A: Freezing can make shallots softer. For best texture, store in the fridge and use within 4 days. If you freeze, only do so for short times and reheat gently.

MAKE-AHEAD TIPS FOR Honey-Glazed Shallots with Crispy Bacon

  • Prep ahead: Peel and halve shallots up to a day in advance and keep them in cold water in the fridge to prevent browning. This saves about 30 minutes on cooking day. This makes the recipe great for meal prep.
  • Par-cook: You can parboil the shallots and store them drained in the fridge for up to 2 days. When ready to serve, finish the glaze and roast for a shorter time.
  • Bacon on the side: Cook bacon ahead and store separately. Add it just before serving to keep it crisp. This step helps keep the dish fresh and crispy for meal prep containers.
  • Reheat plan: For meal prep bowls, reheat the shallots in a skillet on low, then add warm bacon and herbs. This keeps textures better than microwave reheating.
  • Batch cooking: Double the recipe to have ready sides for several dinners. Store in shallow containers for quick reheating. This approach is a great way to keep evening meals quick and healthy.

If you want a warm drink to pair with your cozy meal after a day of meal prep, try our hazelnut honey mocha recipe for an easy at-home treat.
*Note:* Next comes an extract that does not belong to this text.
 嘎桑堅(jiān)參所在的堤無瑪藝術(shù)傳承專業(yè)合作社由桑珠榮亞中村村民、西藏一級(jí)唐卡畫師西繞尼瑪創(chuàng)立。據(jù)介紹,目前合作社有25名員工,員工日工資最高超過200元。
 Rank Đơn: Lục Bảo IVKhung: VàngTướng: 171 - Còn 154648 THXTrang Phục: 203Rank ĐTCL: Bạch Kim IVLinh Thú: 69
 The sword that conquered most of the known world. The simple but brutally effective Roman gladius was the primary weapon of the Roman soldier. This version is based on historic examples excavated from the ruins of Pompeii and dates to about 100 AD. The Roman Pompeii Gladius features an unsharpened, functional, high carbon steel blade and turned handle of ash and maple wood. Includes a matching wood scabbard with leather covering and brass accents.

Honey-Glazed Shallots with Crispy Bacon

A delightful side dish featuring soft shallots glazed with honey and crispy bacon, perfect for weeknights or meal prep.
Prep Time 20 minutes
Cook Time 15 minutes
Total Time 35 minutes
Servings: 4 servings
Course: Side Dish
Cuisine: American
Calories: 200

Ingredients
  

Main Ingredients
  • 1 pound shallots About 4-6 medium shallots
  • 2 tablespoons unsalted butter (or olive oil) For a lighter option, use olive oil
  • 3-4 slices bacon, chopped Can substitute with turkey bacon
  • 1 tablespoon honey For a diabetic-friendly version, use a sugar-free syrup
  • 1 tablespoon Worcestershire sauce Use gluten-free Worcestershire sauce for gluten-free version
  • 1 tablespoon balsamic vinegar
  • Salt and freshly ground black pepper, to taste

Method
 

Preparation
  1. Place the shallots in a bowl, cover them with cold water, and let them soak for about 20 minutes to loosen the skins.
  2. Drain, peel, and cut them in half lengthwise.
Cooking
  1. In a large oven-safe skillet, cook the chopped bacon over medium heat until crispy. Use a slotted spoon to remove the pieces and set aside, leaving about 1 tablespoon of bacon fat in the pan.
  2. Add the peeled shallots to the same pan and pour in enough cool water to cover them. Bring to a boil, reduce the heat, and simmer for 5 minutes. Drain the water completely.
  3. Return the shallots to the skillet. Add butter, honey, Worcestershire sauce, balsamic vinegar, salt, and pepper. Stir gently until the shallots are well coated.
  4. Preheat the oven to 400°F (200°C). Place the skillet in the oven and roast for 10–15 minutes, stirring once or twice, until the shallots turn golden brown and the glaze thickens into a syrupy coating.
  5. Remove from the oven and sprinkle the crispy bacon pieces over the glazed shallots. Toss lightly and serve warm.

Notes

For fresh flavor, add a sprinkle of fresh thyme or chopped parsley before serving. Leftovers can be stored in the fridge for up to 4 days.